Conclusion: Although GJH is associated with several psychiatric conditions, such as ADHD and anxiety, this does not seem to be the case for PANS according to this preliminary study.


Generalised joint hypermobility (GJH) is present in 10–20% of the normal population, although the rate may vary to a considerable extent depending on the applied cutoff scores of the measure (1). Individuals with GJH are at increased risk of being diagnosed with a range of psychiatric disorders and rheumatological conditions (24). GJH has specifically been associated with Postural Orthostatic Tachycardia Syndrome (POTS); reportedly, more than 50% of subjects with joint hypermobility have both conditions (5). POTS in turn has been observed in individuals with paediatic acute-onset neuropsychiatric syndrome (PANS) (Bejerot S, unpublished data). PANS is an umbrella term that includes Paediatric autoimmune neuropsychiatric disorder associated with streptococcus (PANDAS).
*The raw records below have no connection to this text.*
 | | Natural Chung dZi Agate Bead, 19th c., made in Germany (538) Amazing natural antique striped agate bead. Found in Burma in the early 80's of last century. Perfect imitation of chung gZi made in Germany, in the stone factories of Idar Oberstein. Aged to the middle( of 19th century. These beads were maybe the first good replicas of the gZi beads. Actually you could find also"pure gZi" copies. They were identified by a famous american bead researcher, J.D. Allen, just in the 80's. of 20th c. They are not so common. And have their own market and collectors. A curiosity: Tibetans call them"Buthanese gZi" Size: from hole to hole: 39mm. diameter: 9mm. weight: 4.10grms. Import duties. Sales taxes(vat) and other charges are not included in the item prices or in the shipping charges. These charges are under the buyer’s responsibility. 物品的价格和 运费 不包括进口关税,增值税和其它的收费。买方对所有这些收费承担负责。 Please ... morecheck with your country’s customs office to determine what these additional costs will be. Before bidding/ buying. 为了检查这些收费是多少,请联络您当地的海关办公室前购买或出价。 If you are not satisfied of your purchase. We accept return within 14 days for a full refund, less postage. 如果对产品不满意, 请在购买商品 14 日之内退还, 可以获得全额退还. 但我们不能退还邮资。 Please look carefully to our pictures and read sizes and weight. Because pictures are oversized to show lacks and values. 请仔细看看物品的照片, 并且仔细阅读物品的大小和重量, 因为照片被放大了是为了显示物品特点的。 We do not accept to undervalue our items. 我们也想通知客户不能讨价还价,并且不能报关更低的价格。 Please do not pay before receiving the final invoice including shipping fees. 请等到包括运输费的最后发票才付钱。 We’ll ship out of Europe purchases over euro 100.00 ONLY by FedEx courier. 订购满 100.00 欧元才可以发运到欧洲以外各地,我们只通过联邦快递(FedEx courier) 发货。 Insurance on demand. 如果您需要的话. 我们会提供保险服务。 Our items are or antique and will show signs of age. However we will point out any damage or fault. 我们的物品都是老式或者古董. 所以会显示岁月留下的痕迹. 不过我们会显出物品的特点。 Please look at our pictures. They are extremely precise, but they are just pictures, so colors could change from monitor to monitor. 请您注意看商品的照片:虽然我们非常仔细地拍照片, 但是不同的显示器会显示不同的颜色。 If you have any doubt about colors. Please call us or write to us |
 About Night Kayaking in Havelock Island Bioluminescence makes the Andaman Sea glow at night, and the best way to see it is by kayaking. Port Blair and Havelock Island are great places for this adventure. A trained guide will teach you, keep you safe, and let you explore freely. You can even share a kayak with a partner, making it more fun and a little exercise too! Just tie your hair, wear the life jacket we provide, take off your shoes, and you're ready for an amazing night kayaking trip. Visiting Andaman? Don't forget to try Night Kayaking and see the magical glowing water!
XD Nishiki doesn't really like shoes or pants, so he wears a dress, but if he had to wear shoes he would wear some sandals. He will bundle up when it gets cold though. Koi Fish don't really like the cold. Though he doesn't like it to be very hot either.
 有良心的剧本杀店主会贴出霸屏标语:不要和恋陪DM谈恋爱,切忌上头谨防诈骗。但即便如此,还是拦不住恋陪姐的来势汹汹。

PANS is characterised by an abrupt onset of obsessive-compulsive disorder or restricted eating and typically involves multiple psychiatric and neurological symptoms including tics (6). Inflammation is suggested to play a role in the pathophysiology of both PANS and POTS, although the purported immunological mechanisms are still unclear (7, 8). Moreover, neuropsychiatric symptoms such as fatigue, anxiety, panic, fears, problems with concentration and memory, and sleep disturbance are common across these diagnoses (6, 9, 10). Almost 80% of Swedish children with PANS present anxiety at onset, and 43% present hyperactivity (11). Notably, anxiety and Attention-Deficit/Hyperactivity Disorder (ADHD) are both associated with GJH (12, 13). According to a conference report, several individuals suffer from both POTS and PANS, in addition to GJH (14).
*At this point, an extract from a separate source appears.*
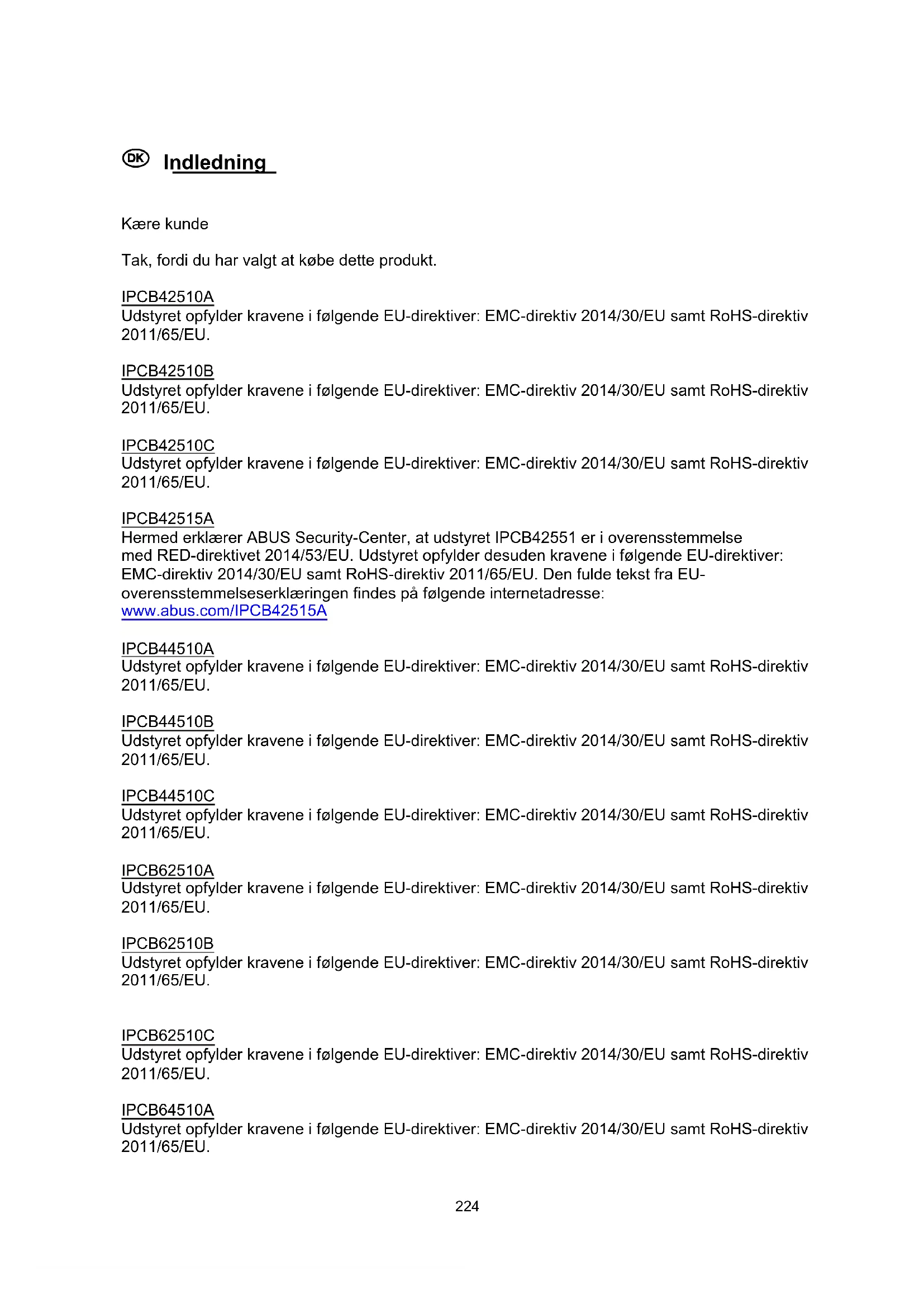 Kære kunde Tak, fordi du har valgt at købe dette produkt. IPCB42510A Udstyret opfylder kravene i følgende EU-direktiver: EMC-direktiv 2014/30/EU samt RoHS-direktiv 2011/65/EU. IPCB42510B Udstyret opfylder kravene i følgende EU-direktiver: EMC-direktiv 2014/30/EU samt RoHS-direktiv 2011/65/EU. IPCB42510C Udstyret opfylder kravene i følgende EU-direktiver: EMC-direktiv 2014/30/EU samt RoHS-direktiv 2011/65/EU. IPCB42515A Hermed erklærer ABUS Security-Center, at udstyret IPCB42551 er i overensstemmelse med RED-direktivet 2014/53/EU. Udstyret opfylder desuden kravene i følgende EU-direktiver: EMC-direktiv 2014/30/EU samt RoHS-direktiv 2011/65/EU. Den fulde tekst fra EU- overensstemmelseserklæringen findes på følgende internetadresse: www.abus.com/IPCB42515A IPCB44510A Udstyret opfylder kravene i følgende EU-direktiver: EMC-direktiv 2014/30/EU samt RoHS-direktiv 2011/65/EU. IPCB44510B Udstyret opfylder kravene i følgende EU-direktiver: EMC-direktiv 2014/30/EU samt RoHS-direktiv 2011/65/EU. IPCB44510C Udstyret opfylder kravene i følgende EU-direktiver: EMC-direktiv 2014/30/EU samt RoHS-direktiv 2011/65/EU. IPCB62510A Udstyret opfylder kravene i følgende EU-direktiver: EMC-direktiv 2014/30/EU samt RoHS-direktiv 2011/65/EU. IPCB62510B Udstyret opfylder kravene i følgende EU-direktiver: EMC-direktiv 2014/30/EU samt RoHS-direktiv 2011/65/EU.
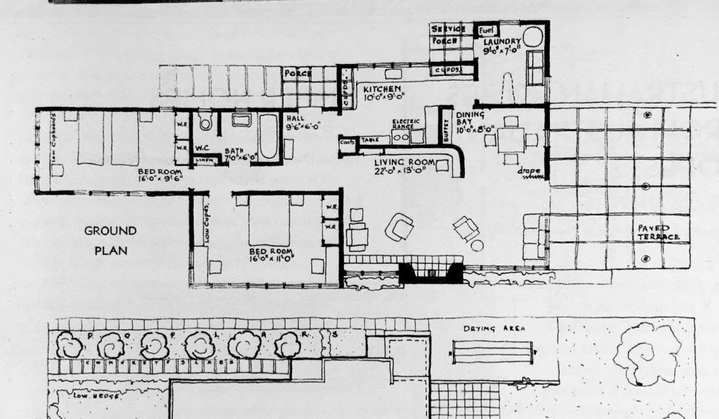 Got my copy of ‘Winning Homes’, the result of Tim Reeves’ PhD on Australian ‘ideal’ home competitions – and interesting to see that many of the winners of the 1934 Victorian Centenary Homes Exhibition held at Myer (!) were ‘Modern’, a style which was rarely actually built in the 30s. None exactly open planning, but the living and dining spaces merge in the smaller houses. 1. Concrete House for £1200 pounds won by Donald Ward; 2. 4th place for a £1550 house by Ballantyne & Wilson; 3. 2nd place same category also B&W; 4. 2nd place for an asbestos cement house was by #MewtonAndGrounds. They did actually build a few houses in this mode, but only ‘The Ship’ in Mt Eliza from 1937 survives, and that’s attributed to Grounds alone; they also did a house in Aphrasia Street Geelong in 1934 (2nd last pic, demolished) completed about the same time as the competition that looks like the first design by Ward.

The primary aim of the present study was to investigate if GJH is overrepresented in individuals with PANS. The secondary aim was to investigate if multiple psychiatric comorbidities are associated with joint hypermobility in individuals with mental disorders.


Study Design

This is a case–control study that compares three groups: Individuals with interview-confirmed PANS, individuals with other mental disorders, and healthy controls.
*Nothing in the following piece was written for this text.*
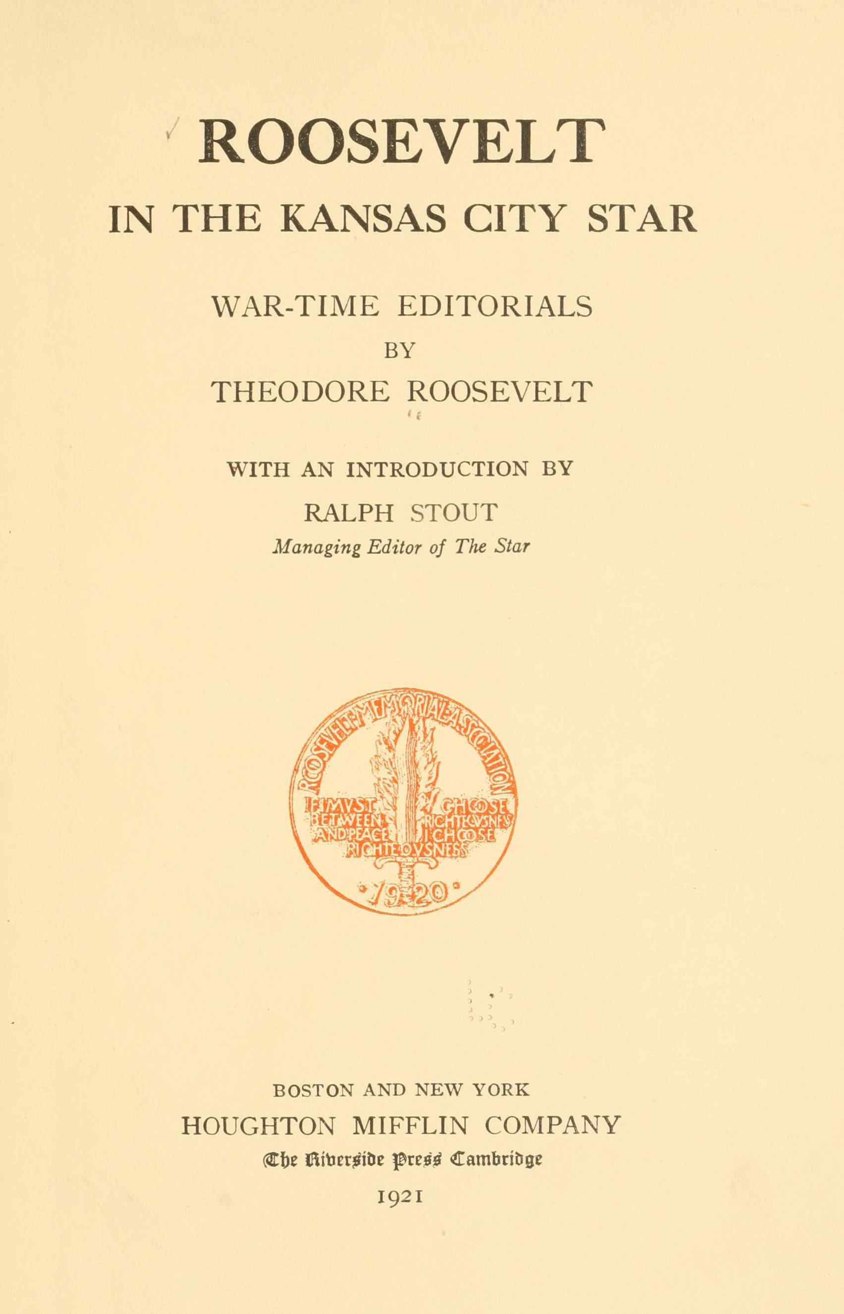 The request, repeated and urgent, has come from many sources that the editorial articles, contributed by Colonel Theodore Roosevelt to The Kansas City Star during our country’s participation in the World War, be preserved for the future. It is in response to this request that this volume is published.

Participants and Procedures

Participants with PANS were enrolled through Wieslab, the Swedish laboratory that, at the time, provided a blood test (the Cunningham Panel) allegedly associated with PANS (15, 16). All 154 individuals who had taken the panel prior to June 2014 were invited. 53 individuals consented to participate in a study that investigated the validity of the Cunningham panel. The participants went through a comprehensive psychiatric assessment, for details, see Hesselmark and Bejerot (16). A total of 28 participants met formal PANS criteria and were assessed with the Beighton scoring system (BSS), thus constituting the PANS-sample of this study. The participants who did not meet PANS-criteria were enrolled in this study as psychiatric controls (n = 18). To broaden the psychiatric comparison group of individuals with psychiatric disorder we advertised for volunteers at a psychiatric clinic located in Örebro, Sweden. Inclusion criteria for this sample were to have a psychiatric disorder requiring specialist care and not fulfilling the diagnostic criteria for PANS. PANS was ruled out using the Psychoneuroinflammatory related signs and symptoms inventory, PNISSI. PNISSI is a comprehensive structured clinical interview based on a similarly comprehensive collateral informant questionnaire that is filled out by an informant prior to the clinical visit (17) (see Supplementary Material). This Örebro sample, examined with the BBS (n = 28), was assessed by the same senior psychiatrist (SB) or a senior child and adolescent psychiatrist. In total, 46 individuals constitute the psychiatric control sample in the present study (see Figure 1).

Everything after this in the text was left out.